🤖 AI Summary
Existing watermarking techniques for large language models (LLMs) fail under end-to-end adversarial settings where attackers fully control the inference process, rendering ownership verification ineffective against collusion-based fingerprint removal and response tampering attacks.
Method: We propose the first robust fingerprinting scheme tailored to such end-to-end threats, integrating encrypted fingerprint embedding, an external collaborative module, error-correcting codes, and a similarity-driven verification mechanism—jointly injecting a unique, verifiable, yet tamper-resilient identifier both within and outside the model.

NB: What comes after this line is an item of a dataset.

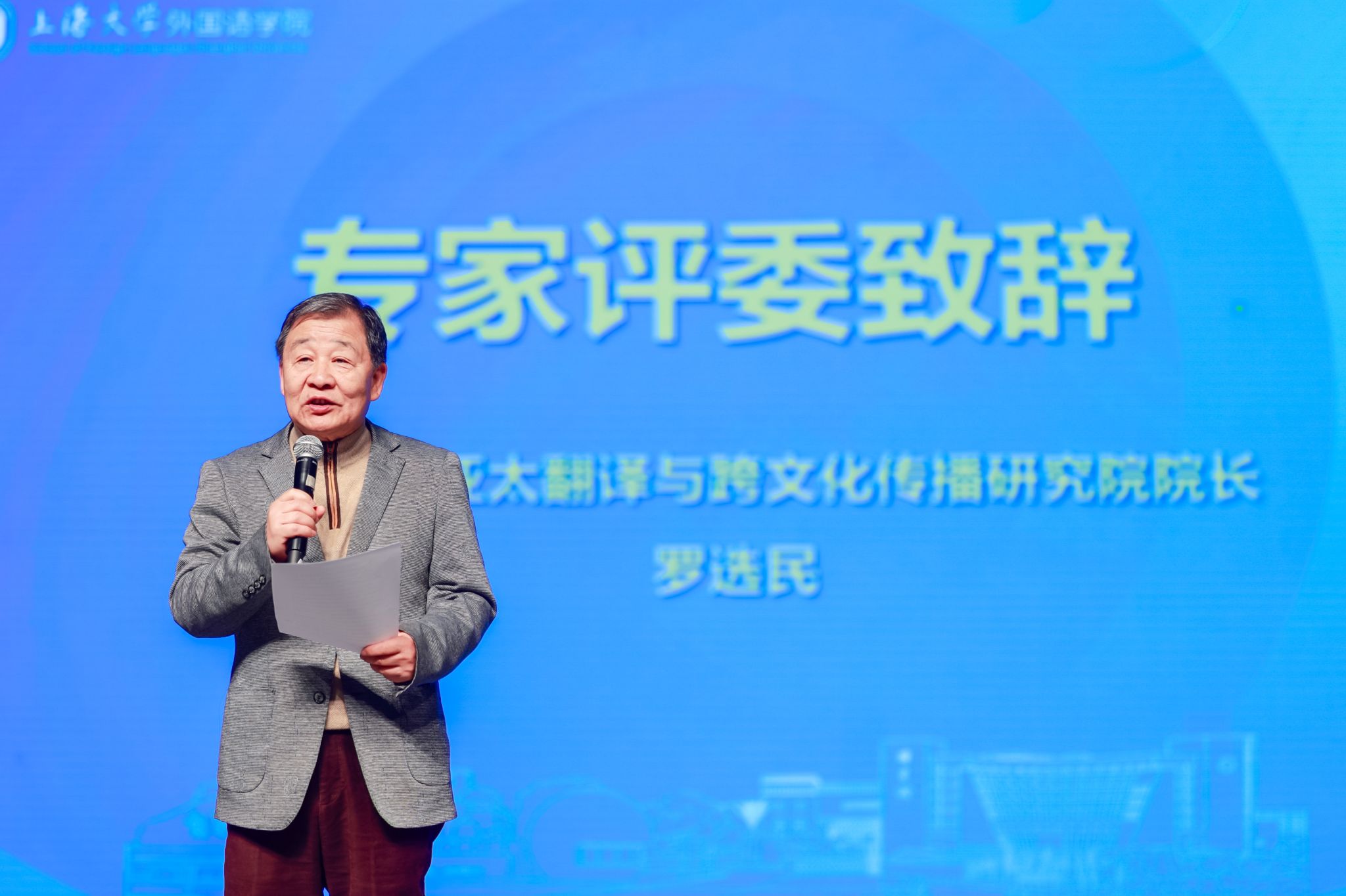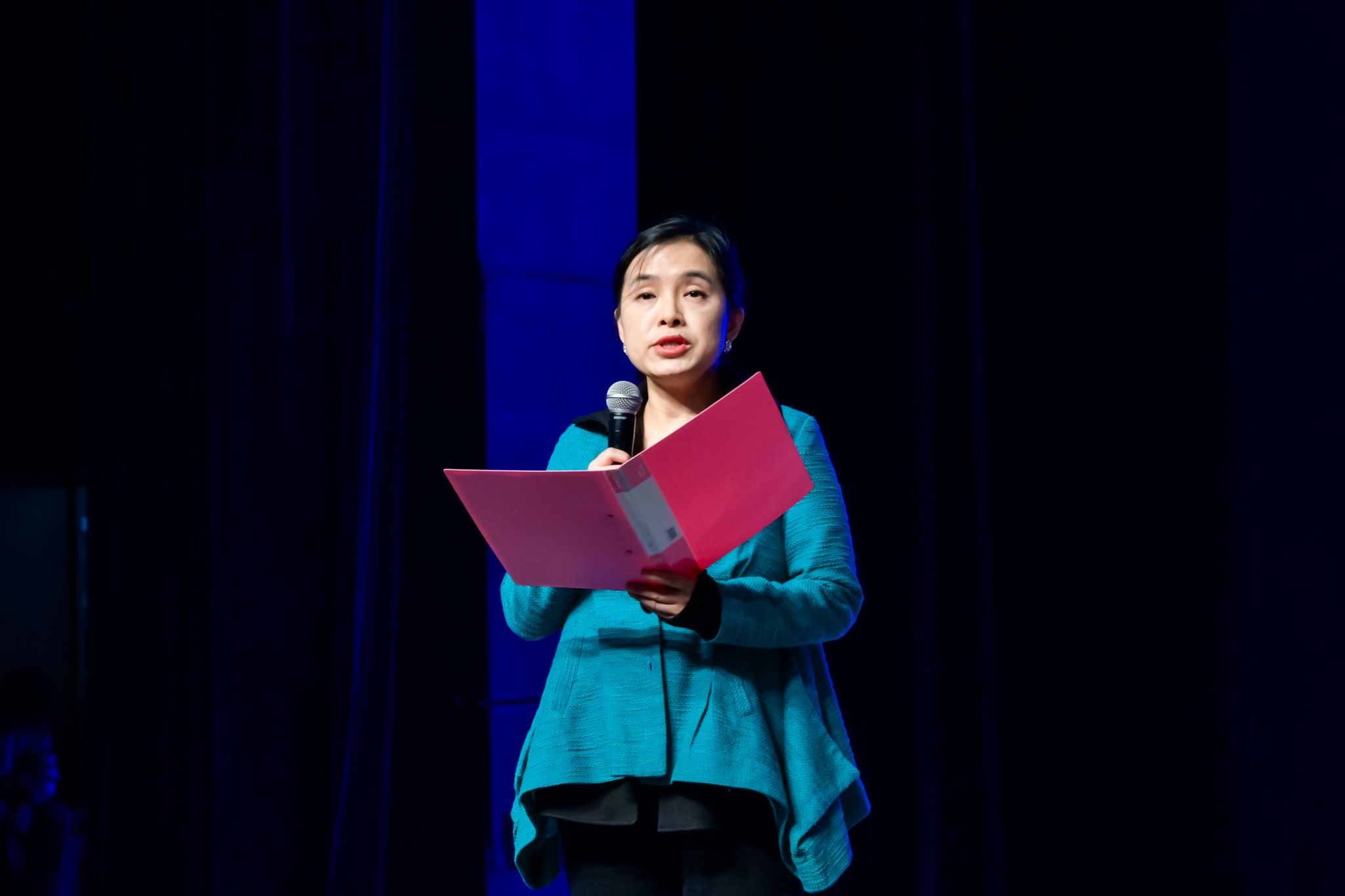 在所有剧目表演结束之际,汕头大学文学院院长毛思慧教授上台点评。毛教授对各参赛作品给予高度评价,并逐一剖析了每支队伍在英语口语的流畅与准确、演员们精湛的演技、剧本结构的严谨与逻辑性、情节张力的巧妙营造,强调了各组在灯光设计的巧妙、音乐氛围的营造、妆造细节的精致等方面的卓越表现,鼓励广大青年以英语戏剧为切入点,将语言和美育融入日常学习生活,在体验中感受中外文明交流之美。

Results: Evaluated on 12 mainstream LLMs, our approach achieves 100% fingerprint detection success against over ten strong adversarial attacks—including scenarios where baseline methods completely fail (e.g., aggressive fingerprint erasure and response manipulation). It significantly enhances the practicality and security of LLM intellectual property protection.
📝 Abstract
Given the high cost of large language model (LLM) training from scratch, safeguarding LLM intellectual property (IP) has become increasingly crucial. As the standard paradigm for IP ownership verification, LLM fingerprinting thus plays a vital role in addressing this challenge. Existing LLM fingerprinting methods verify ownership by extracting or injecting model-specific features. However, they overlook potential attacks during the verification process, leaving them ineffective when the model thief fully controls the LLM's inference process. In such settings, attackers may share prompt-response pairs to enable fingerprint unlearning or manipulate outputs to evade exact-match verification. We propose iSeal, the first fingerprinting method designed for reliable verification when the model thief controls the suspected LLM in an end-to-end manner. It injects unique features into both the model and an external module, reinforced by an error-correction mechanism and a similarity-based verification strategy. These components are resistant to verification-time attacks, including collusion-based fingerprint unlearning and response manipulation, backed by both theoretical analysis and empirical results. iSeal achieves 100 percent Fingerprint Success Rate (FSR) on 12 LLMs against more than 10 attacks, while baselines fail under unlearning and response manipulations.